───── Available data

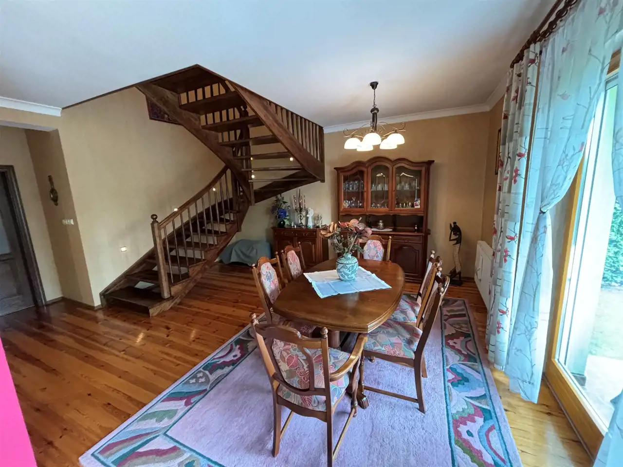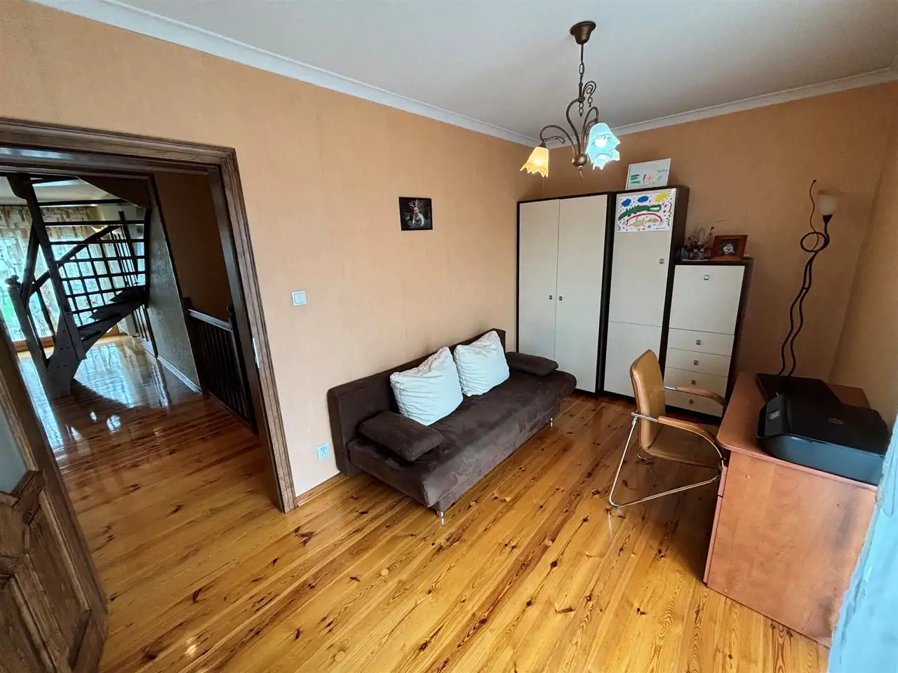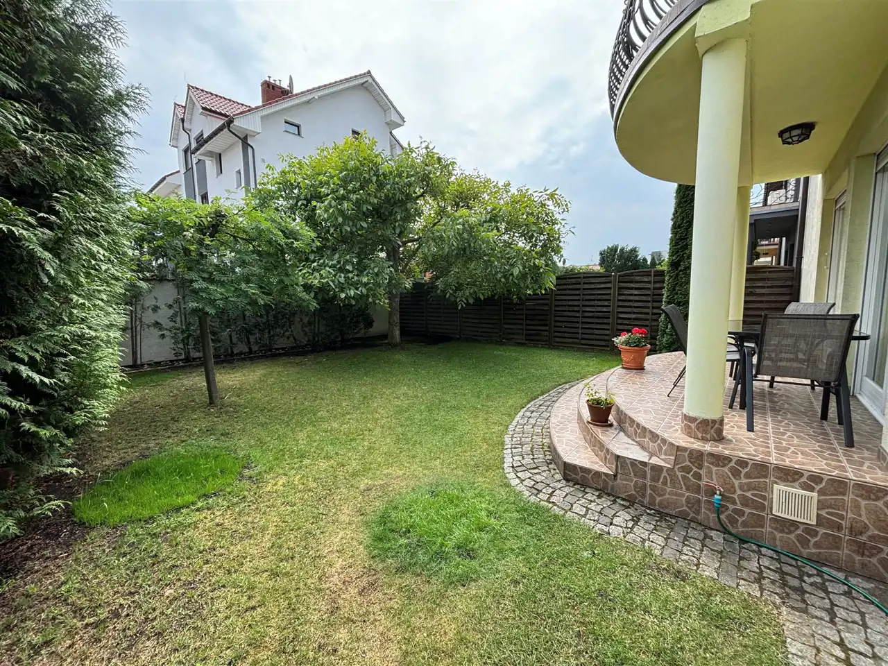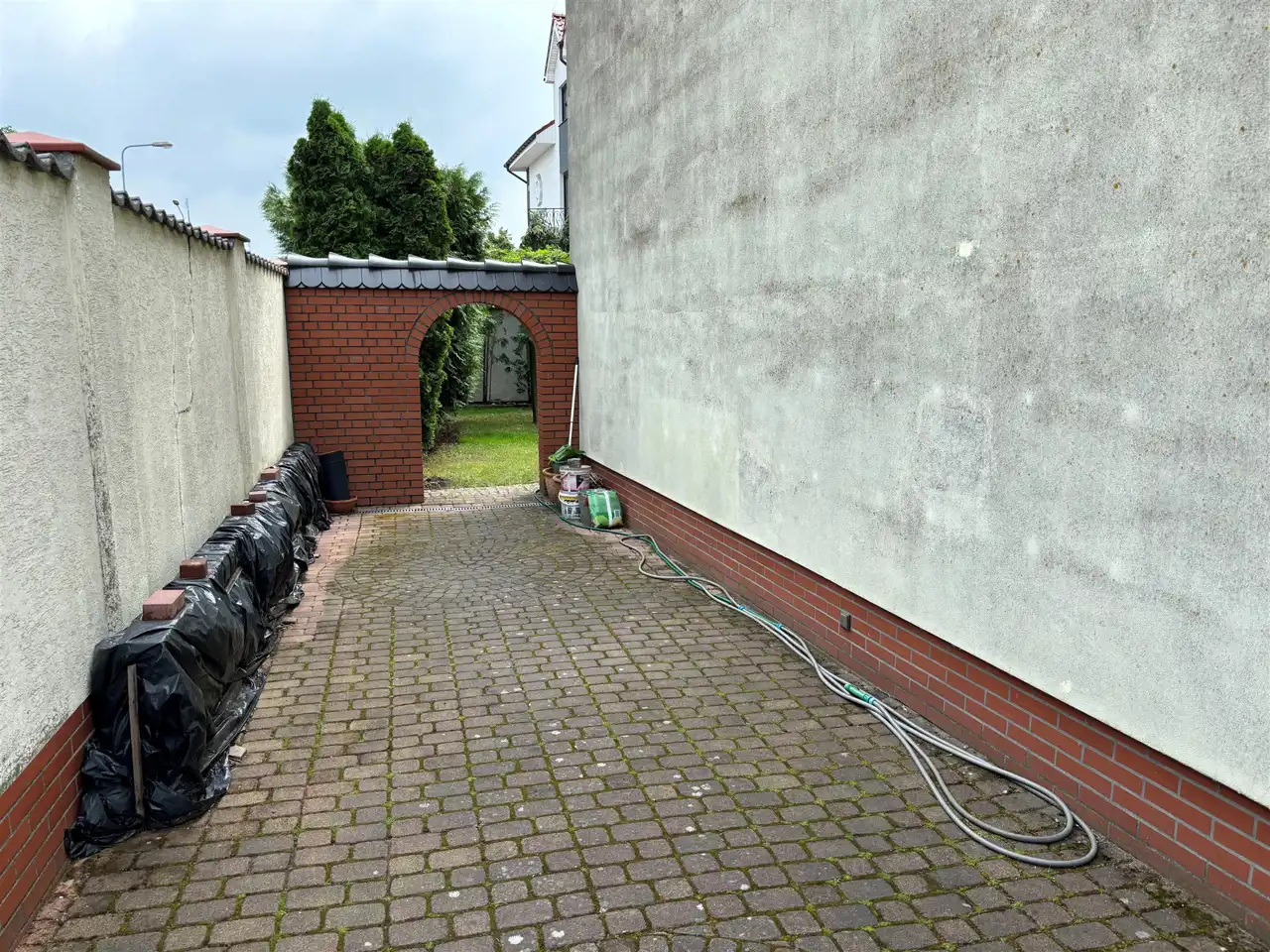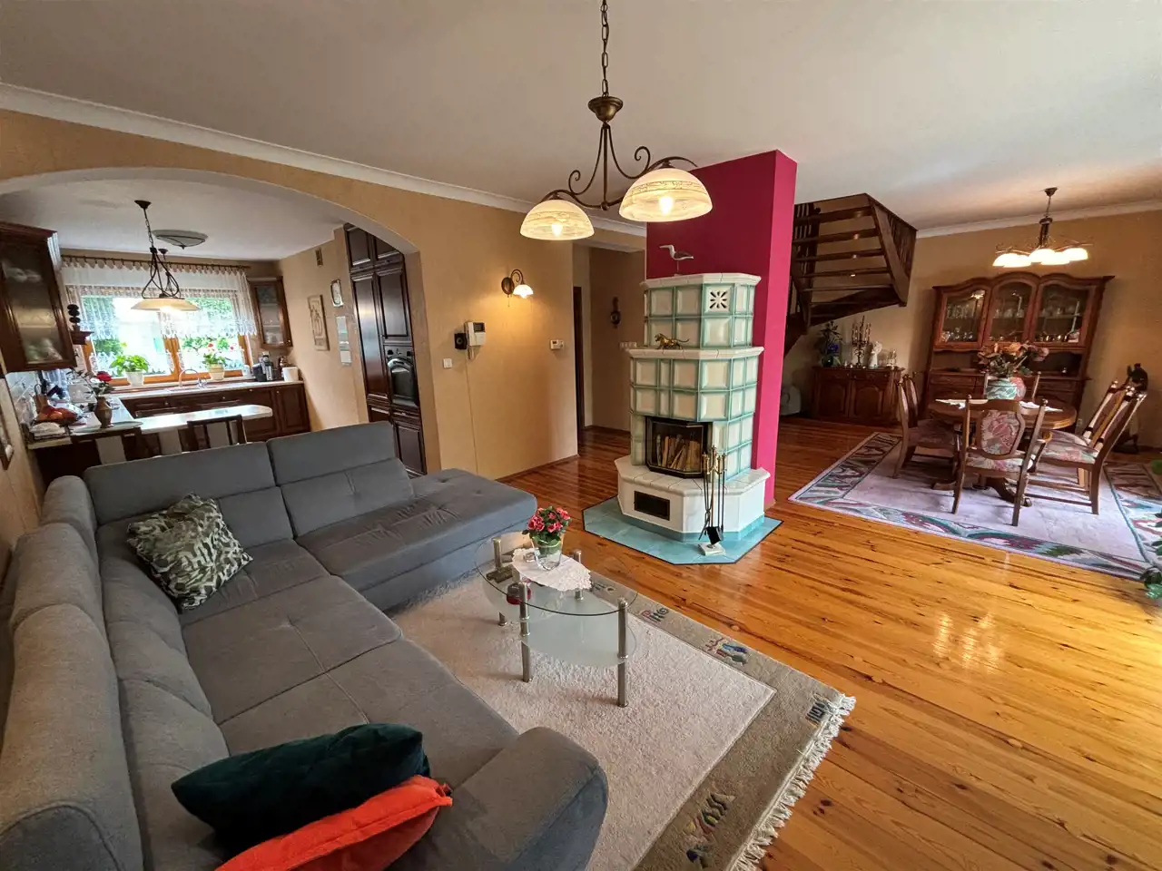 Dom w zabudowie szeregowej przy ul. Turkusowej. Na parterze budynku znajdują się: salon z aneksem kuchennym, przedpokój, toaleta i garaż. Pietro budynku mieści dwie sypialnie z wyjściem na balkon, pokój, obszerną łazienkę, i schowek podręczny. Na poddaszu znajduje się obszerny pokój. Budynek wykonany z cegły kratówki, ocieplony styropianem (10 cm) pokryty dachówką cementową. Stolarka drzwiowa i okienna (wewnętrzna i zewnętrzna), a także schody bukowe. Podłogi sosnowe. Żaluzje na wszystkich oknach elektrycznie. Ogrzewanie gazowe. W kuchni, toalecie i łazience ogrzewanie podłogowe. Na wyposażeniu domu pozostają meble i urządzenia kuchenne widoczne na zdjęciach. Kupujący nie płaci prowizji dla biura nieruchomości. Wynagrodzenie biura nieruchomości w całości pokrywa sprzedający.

──────────
───── Available data

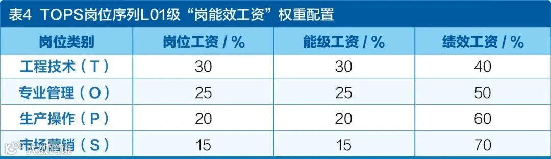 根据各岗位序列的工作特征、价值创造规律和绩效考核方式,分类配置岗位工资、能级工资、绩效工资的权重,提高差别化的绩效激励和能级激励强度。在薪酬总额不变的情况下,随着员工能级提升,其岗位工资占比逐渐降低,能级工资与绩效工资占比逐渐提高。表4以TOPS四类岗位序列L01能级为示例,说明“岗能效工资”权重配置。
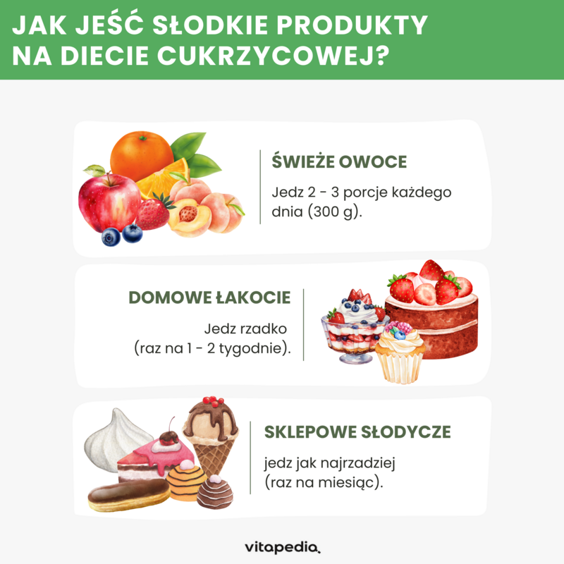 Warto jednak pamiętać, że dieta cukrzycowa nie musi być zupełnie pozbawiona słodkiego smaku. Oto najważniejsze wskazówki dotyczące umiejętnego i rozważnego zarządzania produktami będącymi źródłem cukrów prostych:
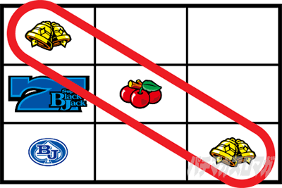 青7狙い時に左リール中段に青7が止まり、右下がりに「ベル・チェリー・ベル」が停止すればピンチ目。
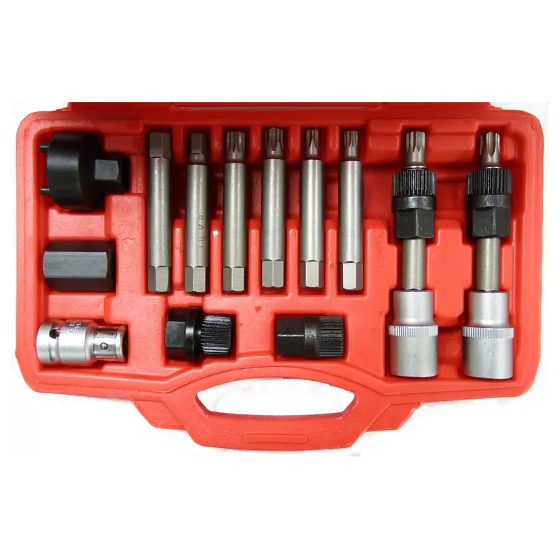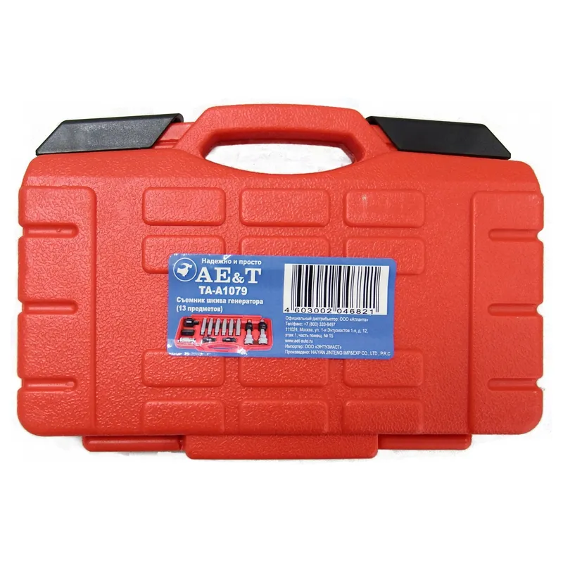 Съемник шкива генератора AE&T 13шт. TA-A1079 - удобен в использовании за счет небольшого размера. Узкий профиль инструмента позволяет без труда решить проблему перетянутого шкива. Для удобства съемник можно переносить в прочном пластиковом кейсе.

──────────

(What you need to do): Using the records above, return word for word the lines that begin at the one containing "根据各岗位序列的工作特征、价" and end at the one containing "Съемник шкива генератора", both of them included and no pictures.

(The answer):
 根据各岗位序列的工作特征、价值创造规律和绩效考核方式,分类配置岗位工资、能级工资、绩效工资的权重,提高差别化的绩效激励和能级激励强度。在薪酬总额不变的情况下,随着员工能级提升,其岗位工资占比逐渐降低,能级工资与绩效工资占比逐渐提高。表4以TOPS四类岗位序列L01能级为示例,说明“岗能效工资”权重配置。
 Warto jednak pamiętać, że dieta cukrzycowa nie musi być zupełnie pozbawiona słodkiego smaku. Oto najważniejsze wskazówki dotyczące umiejętnego i rozważnego zarządzania produktami będącymi źródłem cukrów prostych:
 青7狙い時に左リール中段に青7が止まり、右下がりに「ベル・チェリー・ベル」が停止すればピンチ目。
 Съемник шкива генератора AE&T 13шт. TA-A1079 - удобен в использовании за счет небольшого размера. Узкий профиль инструмента позволяет без труда решить проблему перетянутого шкива. Для удобства съемник можно переносить в прочном пластиковом кейсе.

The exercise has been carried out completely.